Monday, December 2, 2013

Going home

Maybe you CAN go home again. 
After working in pharma this past year, I've made the decision to go back to the hospital. The place that raised me and taught me libraries full of lessons on how to be a nurse practitioner. Practical, clinical things like spinal taps, bone marrows, choosing antibiotics, figuring out a 2 page algorithm for chemotherapy. And not so practical, yet critical lessons too. Like how to get a kid to Disney World even though they're on an epidural pain pump. Quite possibly, the most important thing the hospital and the people in it have taught me is how incredibly lucky I am to have a job that is meaningful. Even if there were days that I didn't love it or even like it (ok, there were days where I hated everyone in the building) I always knew that what I did every day had meaning

My year in pharma has also been a great learning experience. I learned things about medicine and industry I never would have been privy to in a clinical setting. I learned a small part of the business world. I learned that I can be super social if I'm being paid to do that. I learned that new drug development is critical to patients (I know, duh- but when youre treating patients every day, that little fact can get lost in the mix). I learned that if you want to motivate people to excel, you need to throw cash at them. I learned that even though the cash is amazing- I can't stay in this field. Not because of any heroic, selfless desire to cure children with cancer but rather for a selfish reason. I need to have meaning. I need to love what I do. I need to connect with people on a level that goes beyond superficial niceties. Because small talk with strangers may actually be worse than a sharknado. I am incredibly grateful to pharma for this past year. I think I needed a break from the grind of the hospital too. I also got to see how the other half lives. The half with high paying jobs that aside from travel, doesn't require much hard labor. I got to feel like a part of corporate America. I got to learn that I don't want to be part of that. I got to meet fantastic people in the industry. Good, kind, smart people.

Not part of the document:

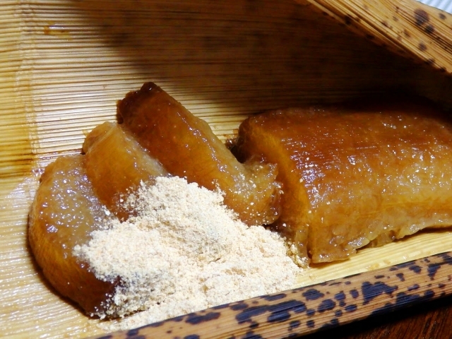 麦だんごは徳島県の脇町で食べられている郷土料理です。麦だんごには大麦の粉を使い、薄い茶色の素朴なお団子で、山帰来(さんきらい)の葉で包んでいます。この地方でも元々、端午の節句は月遅れの6月に行われていたため、ちょうど麦の収穫時期であることから、麦だんごを食べていたと言われています。

So, come January 6th- I will be going home again. This time I will be a Nurse Practitioner with the Leukemia/Lymphoma team. Previously I've done solid tumors and brain tumors which carry a far worse prognosis that leukemia so hopefully I will be on the winning side much much more often than not. The people on my team are old, solid friends. We get each other. There's no small talk. The kids we treat are gunning for a cure and we have an excellent shot at it. I know there will be days where I will miss working half as hard and making twice as much. Especially when I need to get my hair dyed and my kids to a well check-up. Or when they have a school function I'll have to miss. Or when I need to run to the store at 1pm for milk. But.....at least I'll be home.